I am interested in the idea of Flockport: providing ready built LXC containers for download. So I wanted to try to see how I can actually download a Flockport container and install it on a Jiffybox (the German equivalent to the American Linode…)

See also my old post: LXC Linux containers on JiffyBox running CentOS on Ubuntu

So, I install a Jiffybox with Ubuntu 14.04 64 bit operating system, 2 GB RAM.
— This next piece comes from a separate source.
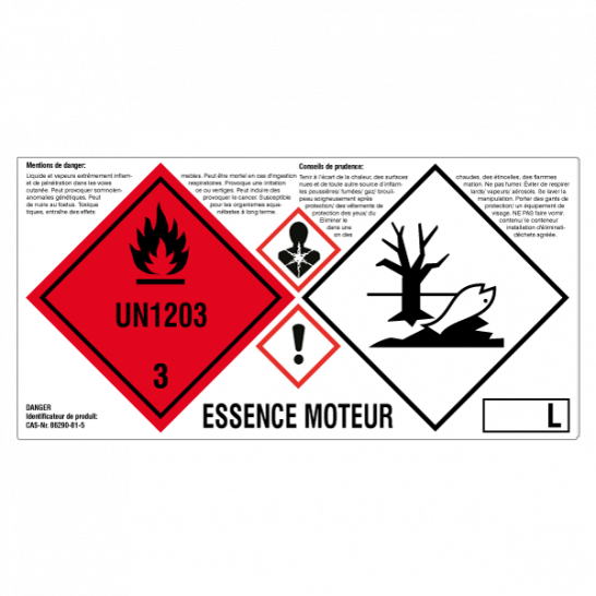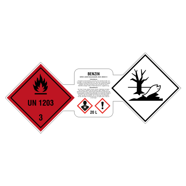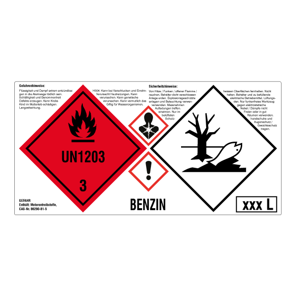 Kennzeichnung GHS/CLP und Gefahrgut Benzin (UN 1203)

Install lxc (currently 1.0.6) from the default Ubuntu repositories:

apt-get install lxc

Now to Flockport: Check out these pages, my next steps are based on the instructions there:

I chose the WordPress container as an example. See http://www.flockport.com/apps/wordpress/

I wanted to download the Debian Wheezy 64 Bit package called wordpress.tar.xz, but that does not work like that, because you need to be logged in.

Here comes the Flockport utility into play. It is currently in Alpha, but it works ok, even on Ubuntu, though it is only advertised for Debian:

To install the Flock utility, follow these steps:

wget http://repo.flockport.com/flockport.gpg.key
apt-key add flockport.gpg.key
echo "deb http://repo.flockport.com/debian wheezy main" > /etc/apt/sources.list.d/flockport.list
apt-get update
apt-get install flockport

Note that I am not installing lxc from the Flockport repository, but only the Flockport utility.

Some useful commands with the Flockport utility:

#shows all Flockport containers available
flockport list 
 
# login with your username and password for http://www.flockport.com/
flockport login
 
# download a container, the names were displayed by the list command above
flockport get wordpress

The Flockport utility will download the container, and extract it to /var/lib/lxc.

# shows the new container
lxc-ls -f
 
# start the container
lxc-start -d -n wordpress 
 
# now show the running container, and the currently used IP address:
lxc-ls -f 
 
#output:
#NAME      STATE   IPV4        IPV6  AUTOSTART
#-----------------------------------------------
#wordpress RUNNING 10.0.3.227  -     NO

To make this container accessible to the outside, you can use iptables:

containerIP=`lxc-ls -f -F name,ipv4 | grep wordpress | awk '{ print $2 }'`
interface=`cat /etc/network/interfaces | grep "auto" | grep -v "auto lo" | awk '{ print $2 }'`
HostIP=`ifconfig ${interface} | grep "inet addr" | awk '{ print $2 }' | awk -F ':' '{ print $2 }'`
iptables -t nat -A PREROUTING -d ${HostIP}/32 -i ${interface} -p tcp -m tcp --dport 80 -j DNAT --to-destination ${containerIP}:80
echo "make sure that mywordpress.org resolves to this HostIP: " ${HostIP}

If mywordpress.org resolves to the IP of your Jiffybox, then you can visit the WordPress installation by browsing to http://mywordpress.org

To change the domain name from mywordpress.org to the actual domain name that you want to use, you have to first go into http://mywordpress.org/wp-login.php, login with username admin and password flockport, change the password, and change in General Settings the WordPress URL and the Site URL to your desired domain name, eg. helloworld.org

You also have to change the Nginx configuration inside the container to replace the domain name with your actual domain name for your website:

# switch inside the container
lxc-attach -n wordpress
 
# unfortunately no vi available, but nano will do as well:
nano /etc/nginx/sites-available/mywordpress.org
 
# add helloworld.org or your domain name to the 4th line:
#    server_name mywordpress.org www.mywordpress.org helloworld.org;
# leave nano with Ctrl-X, and don't forget to save...
 
# reload nginx for the change of configuration to take effect
service nginx reload

Now you can reach the server on your own domain name, that points to your Jiffybox!